Abstract:
Chronic granulomatous disease (CGD) is an immunodeficiency disorder characterized by
recurrent bacterial and fungal infections. The cause of CGD is defective neutrophil
function resulting from mutations in one of the seven components of the leukocyte
NADPH oxidase complex. The X-linked form is mediated by defects in CYBB encoding
Nox2 (also known as gp91), while the autosomal recessive forms are mediated by
mutations in CYBA encoding p22phox, NCF1 encoding p47phox, NCF2 encoding p67phox, and NCF4 encoding p40phox, which all make-up the major components of the NADPH oxidase. To function fully, these major components depend on RAC2 (encoded by
RAC2), a small GTPase of the Rho family, and EROS (encoded by CYBC1) a chaperone
of Nox2 that is essential for its expression. The aim of this study is to determine the
genetic, biochemical, and functional defects of CGD patients in Lebanon and other
Middle Eastern countries.
Twenty-one Lebanese and ten non-Lebanese patients who suffer from clinical symptoms
of CGD and who have defective NADPH oxidase function are included in this study. The
genetic basis of their disease was determined using next generation and Sanger
sequencing. The effects of the mutations on RNA synthesis and protein expression were
determined by RT-PCR and flow cytometry/immunoblotting, respectively. The
neutrophil function was determined using the dihydrorhodamine 123 (DHR) assay. The
phenotype and function of their T and B cells were determined by activation and flow cytometry.

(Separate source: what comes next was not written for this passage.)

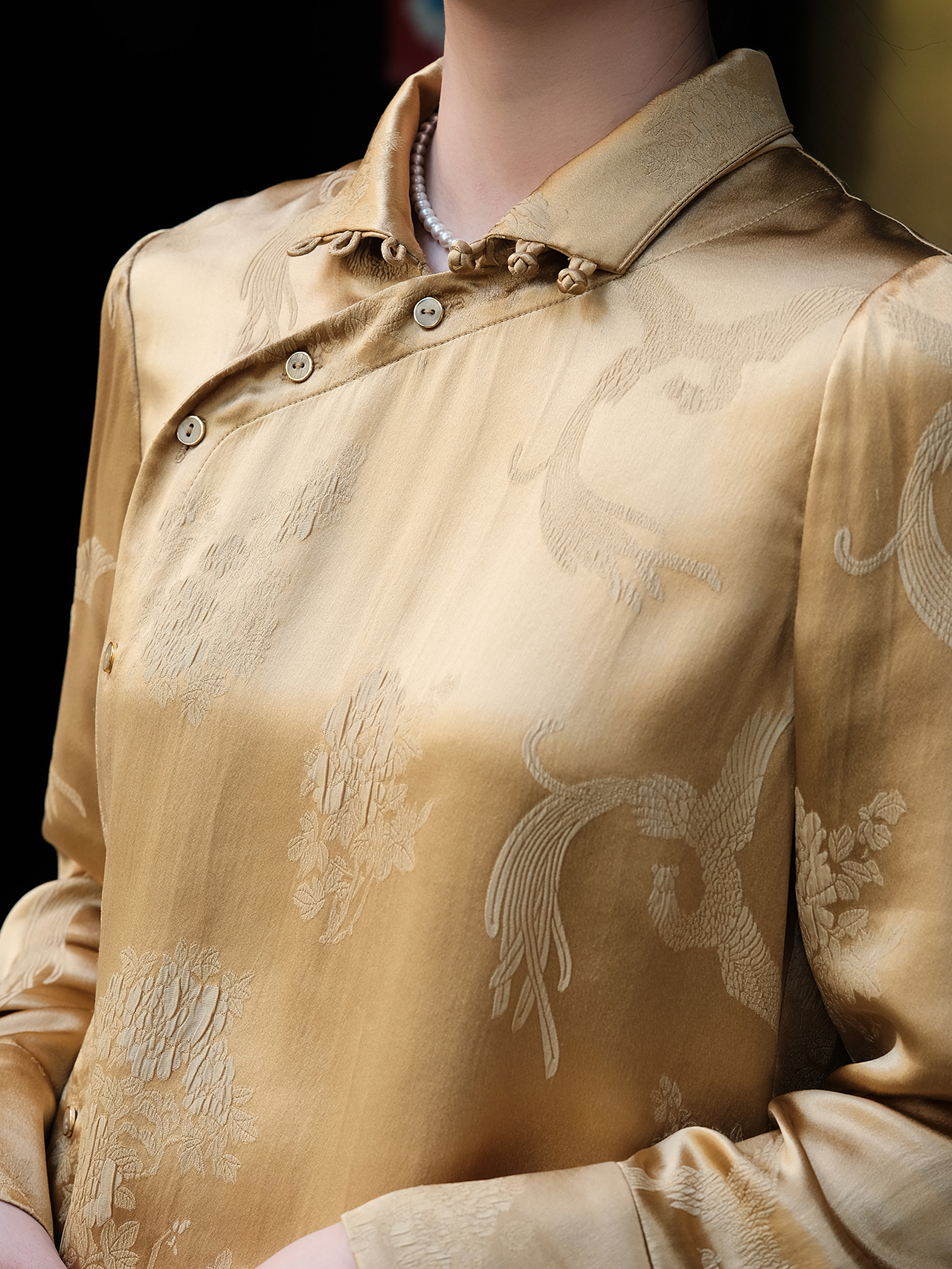 盛唐牡丹 |真丝提花梅兰竹菊偏襟上衣

The patients suffered from severe inflammation, bacterial, and fungal infections
associated with defective NADPH oxidase function, suggestive of CGD. Whole exome
sequencing (WES) of 10 patients from Lebanon revealed homozygous mutations in NCF2
and terminating hemizygous mutations in CYBB as the predominant alteration, whereas
3 non-Lebanese patients harbored homozygous deleterious mutations in CYBA, CYBB, or
NCF2. The remaining 18 patients suffered from defective NADPH oxidase function but
did not have a genetic diagnosis. Intracellular staining of 4 components of the NADPH
oxidase complex (p22phox, p47phox, p67phox, and gp91) revealed absent p67phox in 2
genetically undiagnosed patients that were subsequently found to have a large deletion in
exon 5 and a splice site mutation in exon 3 of NCF2. Interestingly, the patients with absent
p67phox protein expression also showed a significant decrease in the levels of p47phox. A study of the adaptive branch of the immune system revealed normal patient T cell
phenotype with diminished proliferative potential. The percentage of memory B cells was highly diminished whereas B cell function was maintained. T-regulatory cells were
higher in percentage in the patients, with signs of increased activity.
In this work we identified deletions in NCF2 as the most prevalent genetic defect in the
patients studied using WES. Since WES is costly and time consuming, we tested the
possibility of using a biochemical approach to identify the NADPH oxidase protein
component that is absent in the patient, followed by targeted Sanger sequencing to
determine the nature of the mutation. This led to the identification of 2 additional patients
with deletions in the NCF2 gene encoding p67phox, confirming that it is the most common
mutation in CGD patients from Lebanon. We also observed that absence of p67phox results in a significant decrease in the levels of p47phox but not p22phox and Nox2, suggesting that the stability of p47phox is compromised in the absence of p67phox. Furthermore, our results indicate that p67phox deficiency does not only affect neutrophil function, but it also
variably affects lymphocyte homeostasis and function.